Je suis charmé de la réponse du chevalier de G… Oh ! si dans tout ce que nous désirons il nous en arrivait seulement la moitié, que nous aurions de grâces à rendre ! Je vois quelquefois ce bon M. Giraud, à qui il n’arrive rien et qui me semble avoir repris toute sa vivacité sociale et son entrain affectueux.

L’histoire vaut mieux que le roman, même pour l’amusement. Nous disions cela l’autre jour avec M. Benedetti. Il y a un livre assez curieux à lire et à avoir : Maurice, comte de Saxe[1], par le comte Vitzthum d’Eckstaedt ; cela se trouve chez le libraire Klincksieck, rue de Lille, 11. C’est en français et d’une lecture très-agréable, en même temps que neuf. On y a les lettres mêmes du maréchal de Saxe, sauf l’orthographe.

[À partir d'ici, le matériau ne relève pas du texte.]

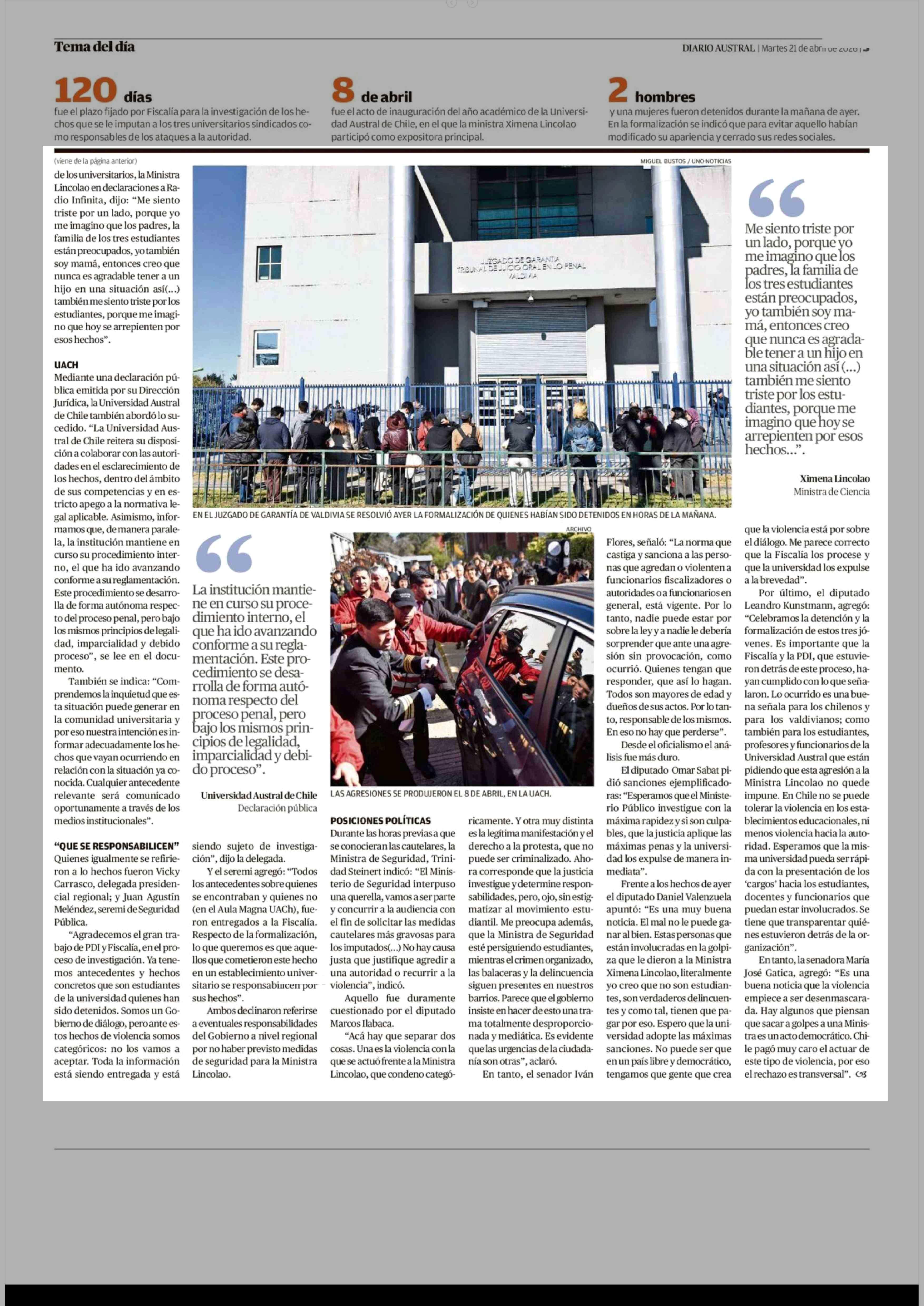 Título: Tres alumnos UACh formalizados por ataque a la Ministra Lincolao

À force de vivre tranquille et sur place, j’ai la pensée bien stagnante ; je réfléchis, mais je n’ai pas de moi-même le mouvement. Je m’accoutume à cet état mélancolique et philosophique. Quand je me retrouve cependant en votre présence, Princesse, je m’aperçois que je voudrais mieux rendre.

Je mets à vos pieds l’hommage de mon tendre et inviolable attachement.

  1. M. Sainte-Beuve a publié une étude sur cet ouvrage (Nouveaux Lundis, tome XI).